If you missed part 1, you can find it here.

The second regret is, “I wish I hadn’t worked so hard.”

People spend the best hours of their life exchanging time for dollars.  All the while rationalizing that it’s temporary.  We tell ourselves, “soon it will be different.”

We’ll get that promotion.

We’ll get that raise.

We’ll get that project off our plate.

We’ll close this deal.

And then…

THEN we will be able to focus more on the ones we love.

It’s a delusion.  There’s always another promotion to get.  Our expenses rise to meet our new income and we need more.  One project leads to another.  We close the deal and it’s “what have you done for me lately?”

There is no THEN.  There is NOW!  You’re children will never be this age again.  Your opportunity to romance your spouse is never more ripe than right now.  This is not a dress rehearsal.  We’re not planning and preparing to start life.  This is it.  We’re living it.

Most of my readers know my passion for teaching people to create leverage so that their financial wellbeing is not dependent on exchanging time for dollars.  But regardless of whether you build financial leverage, abandon the attitude that work is what is most important.  Reject the rationalization that it’s temporary.

Live.

Love.

Connect.

Do it today.

Read Part 3

14 thoughts on “The 5 Regrets of the Dying: Part 2”

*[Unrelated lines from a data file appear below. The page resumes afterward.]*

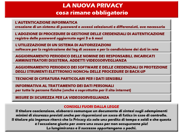 Adempimenti che rimangono in vigore, ma non dovranno più essere riportati nel D.P.S. per cui, rispetto a quando i processi di semplificazione riguardavano solo le imprese (che trattano dati per finalità amministrativo-contabili), stavolta, la sua eliminazione riguarderà tutti i titolari, pubblici e privati.
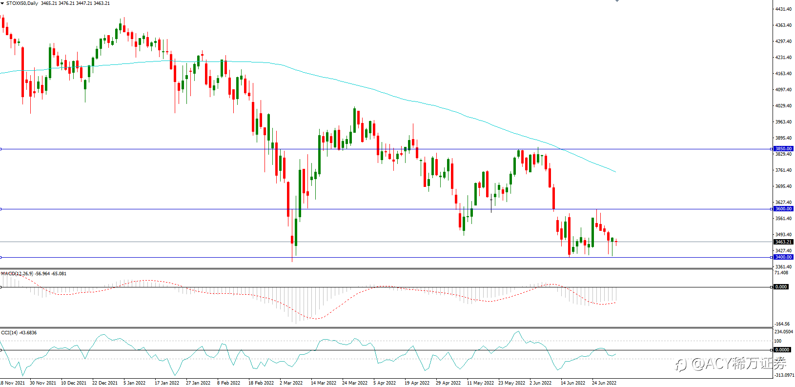若有突破,股价才有进一步上涨的动能,并持续挑战3850的压力位置,下方支撑位于3400,须注意股价可能在七月ECB的利率决议后有进一步的修正,跌破此支撑价位,下探2020年疫情低点的2700位置。
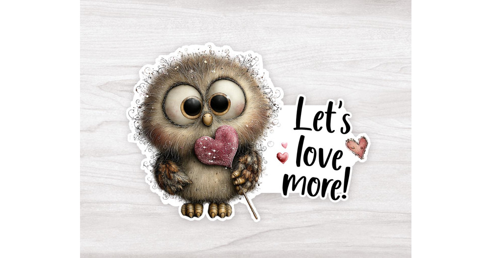 Cute Owl with Heart Vinyl Durable Sticker: Valentine Gift, Anniversary, Friendship, Owl Lover
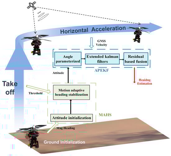 A heading estimation method based on Angle-Parameterized Extended Kalman Filter (APEKF) is proposed to address the challenges associated with heading estimation for micro coaxial drones. As shown in Figure 1, the heading is modeled firstly, and the motion characteristics are analyzed to accurately describe the attitude changes. Accordingly, the Motion-Adaptive Heading Stabilization (MAHS) algorithm is introduced to effectively enhance the initial stability of the heading estimation during take-off. The combination of angle parameterization and multi-sub-filter fusion in the APEKF facilitates the integration of GNSS observation information to achieve rapid alignment, resulting in high-precision heading estimation. The excellent accuracy of this method and stability in complex maneuvering environments are confirmed by both simulations and real-world experiments.
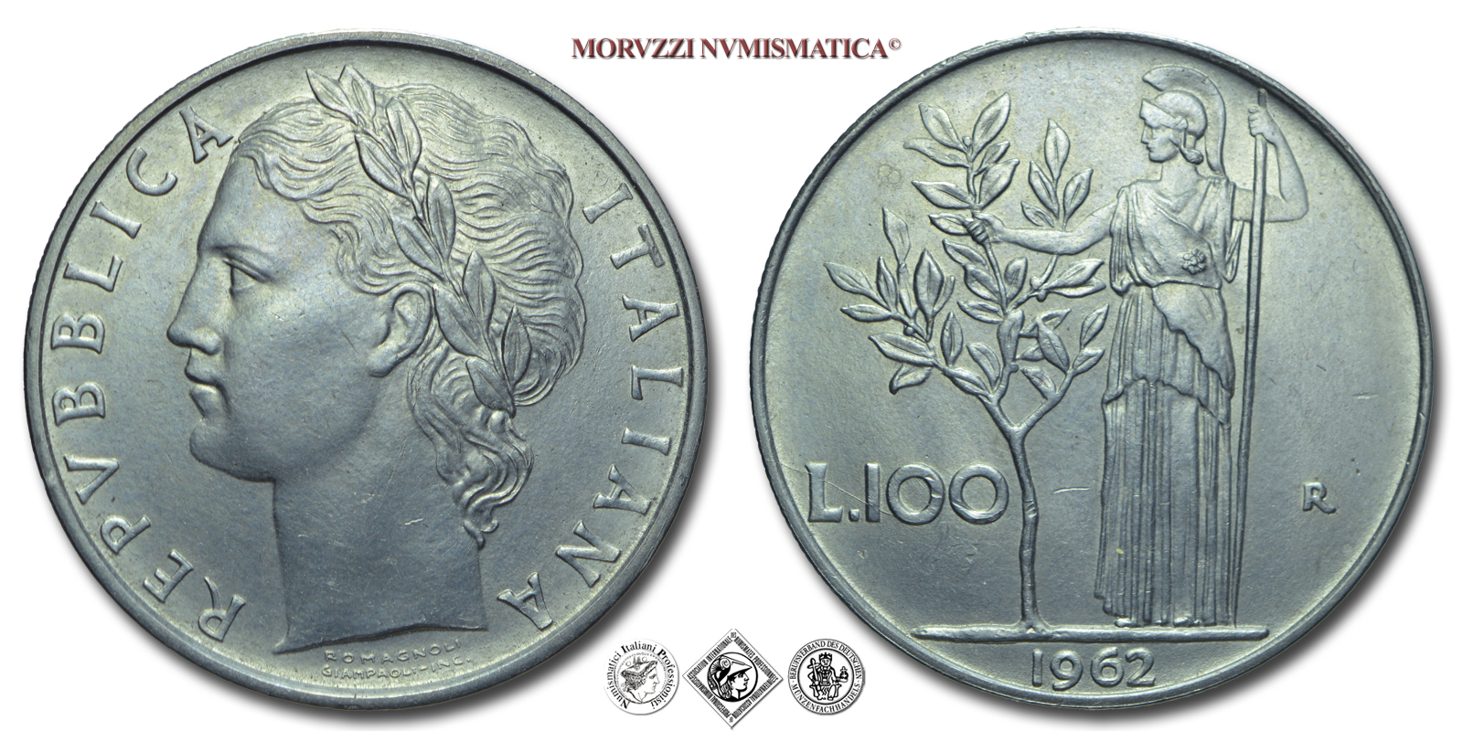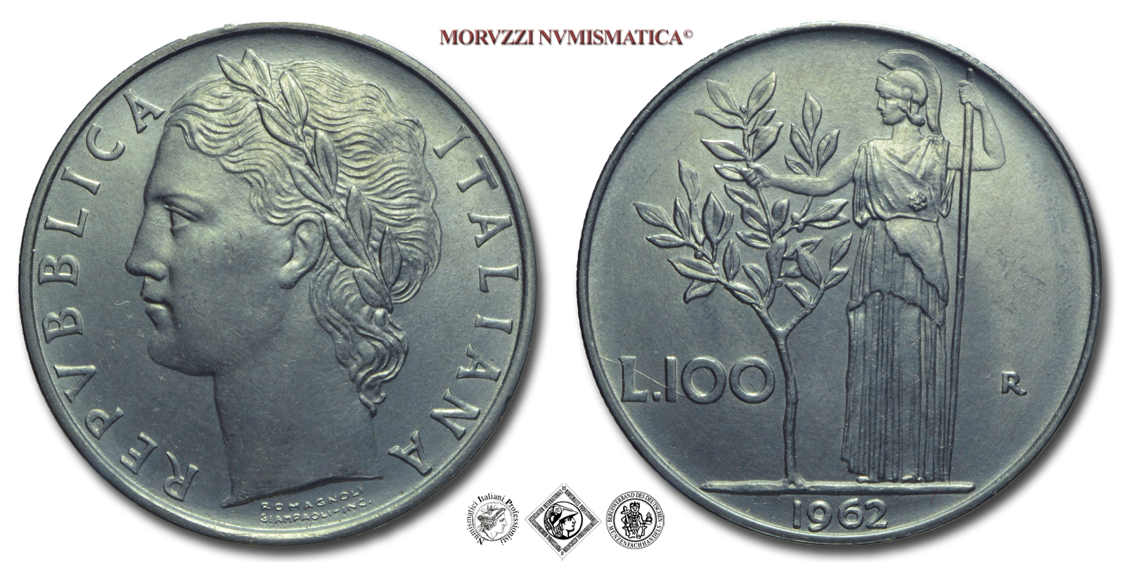 Repubblica Italiana, 100 LIRE, 1962, Minerva, Zecca di Roma, ACMONITAL, FDC, (Pagani 2158) / monete italiane moderne (moneta italiana moderna da collezione)
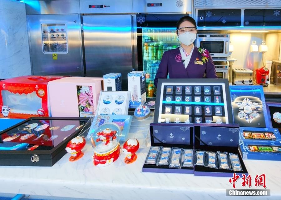 Licensed products for Beijing winter Olympics are on sale on the G8812 high speed train, Dec. 30, 2021. (China News Service/Jia Tianyong)
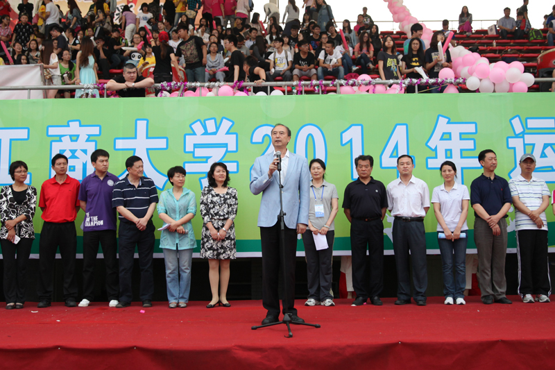 在閉幕式講話中,盧思鋒副書記指出,本屆運動會在全體師生和各有關部門共同努力下取得了圓滿成功,其中,與往年相比第一次冒雨參賽,更加體現了運動員的體育運動精神和裁判員的公平公正;第一次使用了由藝傳學院學生設計的獎牌,第一次使用了電子計時器和航拍的手段等,在創意、技術手段等方面開創先河。盧思鋒對全體參賽運動員、參與開幕式表演的全體學生和千名教職工表演廣播操,帶頭踐行體育精神提出表揚,并感謝所有為運動會的組織、裁判和競賽做出貢獻的工作人員和和服務保障人員。他特別提到,在師生的努力籌備、積極訓練下,全體大一女生在我校歷史上第一次實現了千人熱力操的表演,在體能、體質和意志上得到了鍛煉;心理素質表演中五百多名學生自編自導的竹竿舞、五環繩圈表演等節目表演都非常精彩,具有獨創性,將舞蹈和體育精神融合,展現了大學生團結進取的精神風貌。盧思鋒提出,希望同學們堅持積極開展體育鍛煉,增強身體素質,德智體美全面發展;希望在不久的將來實現與外國學生同場競技的設想,把北京工商大學的運動會辦得更加高端化、國際化;希望同學們共同努力,努力學習、各展所長。
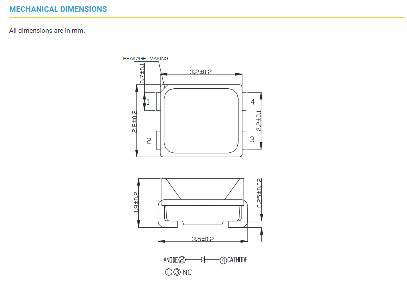 Size:3.20mm L x 2.80mm W
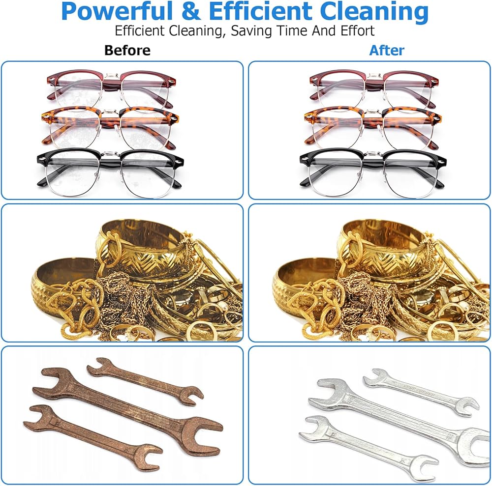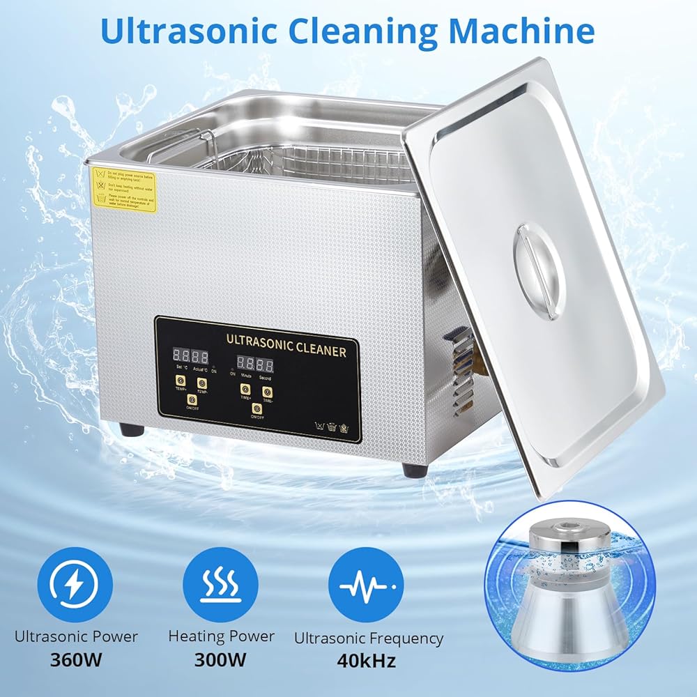 [تأثير تنظيف قوي] يستخدم منظف المجوهرات بالموجات فوق الصوتية محول طاقة بالموجات فوق الصوتية 360 وات (6 * 60 وات) من الدرجة الصناعية، تردد بالموجات فوق الصوتية 40 كيلو هرتز، وتشكيل تدمير قوي بالموجات فوق الصوتية للأوساخ غير القابلة للذوبان وجعلها منتشرة في محلول التنظيف. يقوم منظف الأجزاء بالموجات فوق الصوتية بتنظيف السطح بأمان ويزيل جميع البقع والتراكمات.

  1. Bobby Moore- Thanks Scott this was awesome and so true thanks for sharing . It just reinforces why I’m trying to build this business for my family.

  2. Lived that life, not a lot of love, was not connected with my Lord, myself or my dreams, waited to do it… the next day. Now I am living, loving, connected, and doing it TODAY.
    Big THANKS Scott

  3. “After examining the philosophies, the theories, and the practiced methods of influencing human behavior, I was shocked to learn the simplicity of that one small fact: You will become what you think about most; your success or failure in anything, large or small, will depend on your programming – what you accept from others, and what you say when you talk to yourself.
    It is no longer a success theory; it is a simple but powerful fact. Neither luck nor desire has the slightest thing to do with it. It makes no difference whether we believe it or not. The brain simply believes what you tell it most. And what you tell it about you, it will create. It has no choice.” Shad Helmstetter – “What to Say When You Talk to Yourself”

    We need to reprogram our brains to create possibilities we would have never imagined. Thanks Scott.

  4. Thank Scott for sharing this with us. Some time we do not react or realize until some else point it out, even though we a ready know!

  5. Hilary Benbenek II

    Thank you, Scott, for this series and the value you are adding to so many people’s (mine, in particular) lives. I resonated with regret #2 and it reminded me of an Al Franken quote I heard just last week:
    “Here’s a line from late Massachusetts Senator Paul Tsongas that is often quoted at commencements. “No man on his deathbed ever said, ‘I wish I had spent more time at the office.’” How does he know that? I’ll bet someone on their deathbed said, “I wish I had spent more time at the office in my twenties and thirties, I would have had a much better life.””
    I want to do today what others aren’t so I can have tomorrow that which they won’t.